Requirement: Type out the data exactly as given. Skip any image.

Available data:
──────────
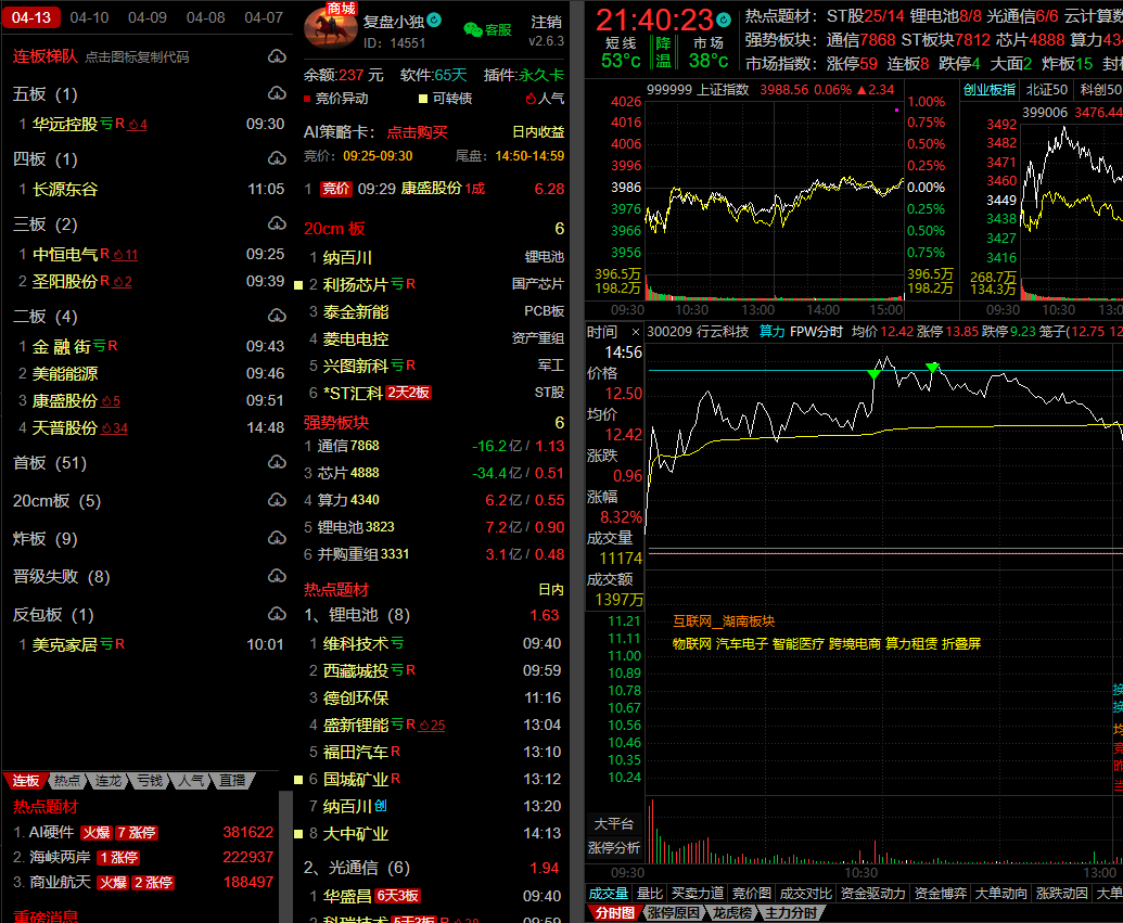 【行云科技】算力20cm强势标+开盘强势抢筹+爆量新高,上破左高半路介入,可惜冲高回落,日内-0.3%微面,继续观察。
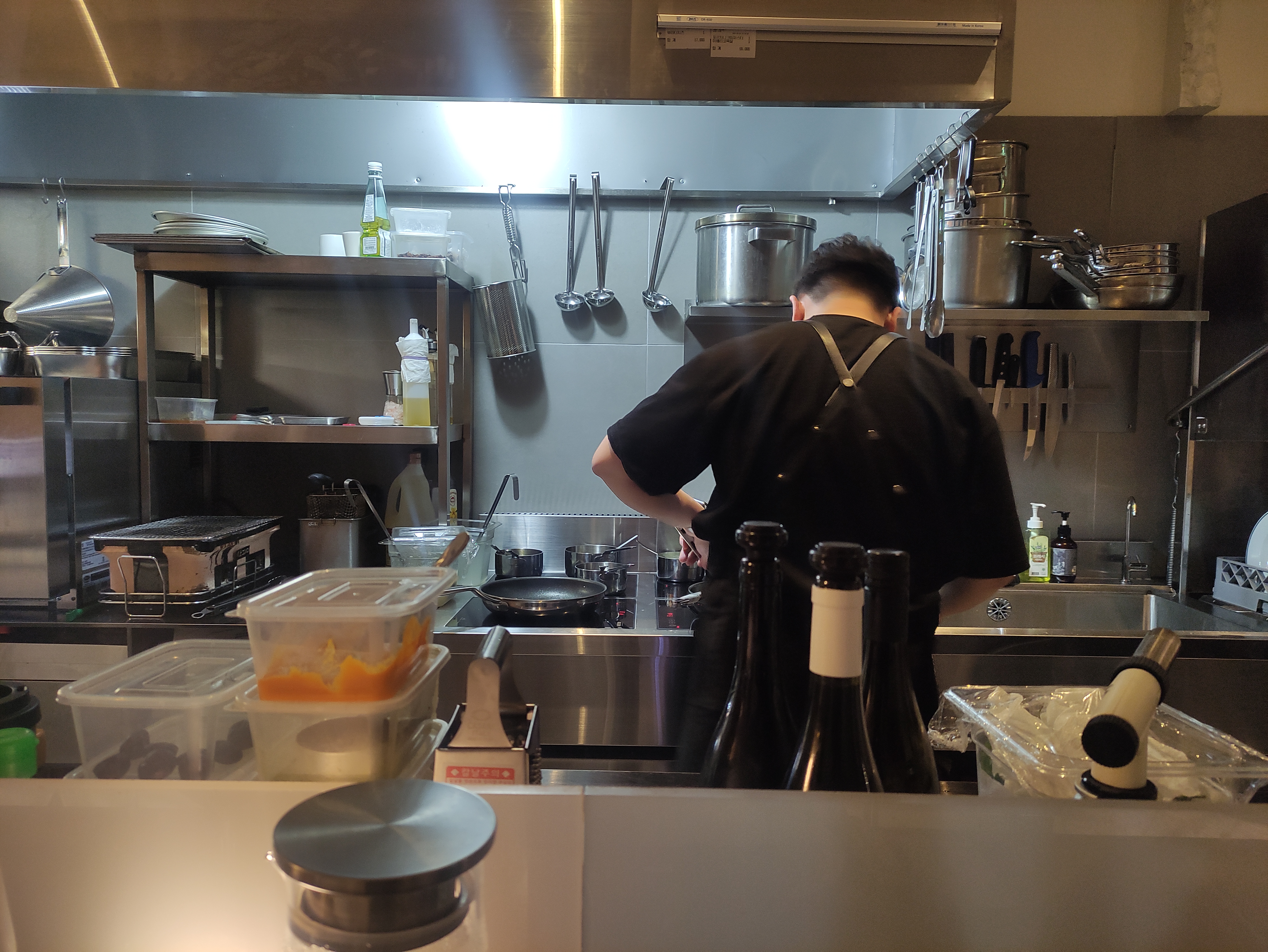 단정에 들어왔습니다. 오픈주방, 100% open kitchen이라서 조리하는 모습을 처음부터 끝까지 볼 수 있는점이 큰 메리트인 듯합니다.
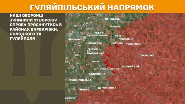 На Гуляйпільському напрямку Сили оборони зупинили 31 ворожу спробу просунутись в районах Варварівки, Солодкого та Гуляйполя.
──────────
Solution to this exercise:
 【行云科技】算力20cm强势标+开盘强势抢筹+爆量新高,上破左高半路介入,可惜冲高回落,日内-0.3%微面,继续观察。
 단정에 들어왔습니다. 오픈주방, 100% open kitchen이라서 조리하는 모습을 처음부터 끝까지 볼 수 있는점이 큰 메리트인 듯합니다.
 На Гуляйпільському напрямку Сили оборони зупинили 31 ворожу спробу просунутись в районах Варварівки, Солодкого та Гуляйполя.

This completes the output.